Head of the Center for International Law: Lénárd Sándor

Lénárd Sándor is the head of the Center for International Law at the Mathias Corvinus Collegium, and a Research Fellow at the Eötvös József Research Centre at the National University of Public Service. He is a graduate of Pázmány Péter Catholic University (Budapest, Hungary), where he received his J.D. (summa cum laude) in law and political sciences as well as of Canisius College (Buffalo, New York, U.S.A.) where he received his M.B.A. in international economics and global supply chain management. During his university studies, he was awarded the Fellowship granted by the Hungarian Republic. Subsequently, he took the Hungarian bar exam and received his Ph.D. in law and political sciences in the field of international public law. His doctoral studies focused on economic globalization and explored the impacts of business corporations and especially transnational and platform-based businesses on international human rights law. He was a visiting researcher at the Aarhus University (Denmark), at the Osgoode Hall Law School in Toronto (Canada) and at the Federal Judicial Center in Washington, D.C. (U.S.A.). He defended his Ph.D. thesis with summa cum laude from the Doctoral School of Law and Political Sciences of the Pázmány Péter Catholic University.

In the legal practice, from 2006 to 2011 he served at the Office of the Attorney General in Budapest and from 2011 to 2020 he was a chief counsel at the Constitutional Court of Hungary. From 2020 to 2022 he was working as a policy advisor at the European Parliament in Brussels where his focus was on constitutional affairs of the European integration. He has previously taught various fields of international public law including the law of international economic relations and international human rights law at Pázmány Péter Catholic University. He has published numerous articles on contemporary international legal and constitutional questions in various academic, intellectual and popular journals. His work on international economic and human rights law has been published, among others, by Edward Elgar Publishing and Central European Journal of Comparative Law. He is the author of Alkotmányjogi utazás Amerikában [Constitutional Journey in the United States] (MCC Press, 2021). He has translated, cotranslated and edited a number of books related to international law and politics or the United States of America including, among others, Joshua Muravchik, Földre szállt mennyország [Heaven on Earth] (2014), Amerikai konzervatív gondolkodók [American Conservative Thinkers] (2017), John Baylis and others, A világpolitika globalizációja [The Globalization of World Politics] (2020). He speaks English and French.

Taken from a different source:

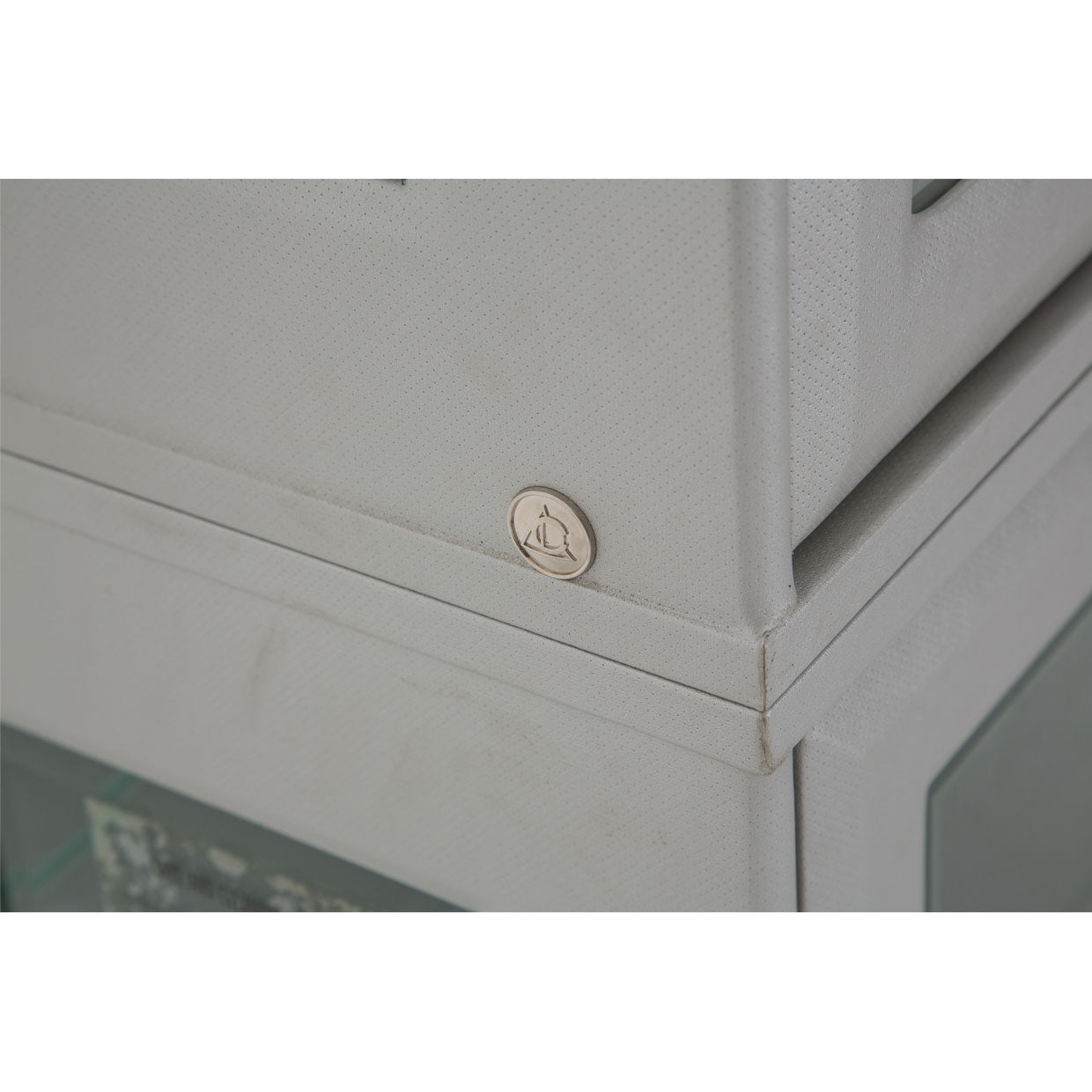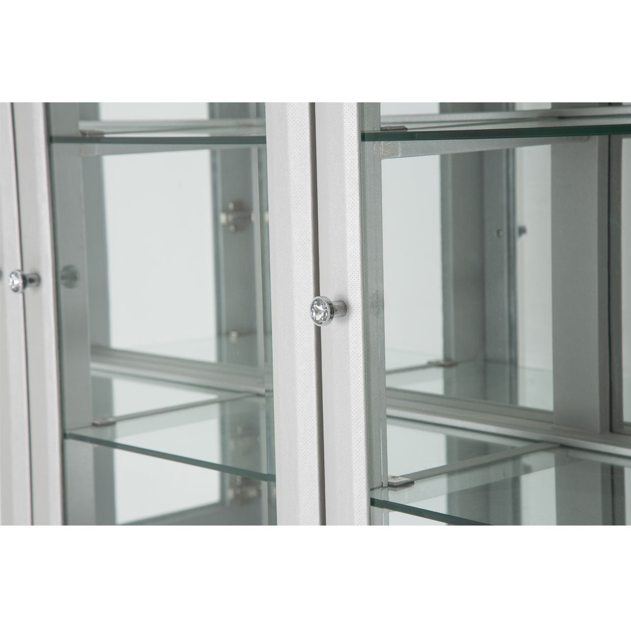 - Los tiradores de las puertas y los cajones tienen inserciones de cristal decorativas.

His primary research interests at the Mathias Corvinus Collegium include international economic law, the international legal approach to economic globalization along with the reform process of international investment law, international human rights law, the interpretative methods of international law with special emphasis on the dilemma of evolutionary interpretation as well as the interface of Christianity and international law.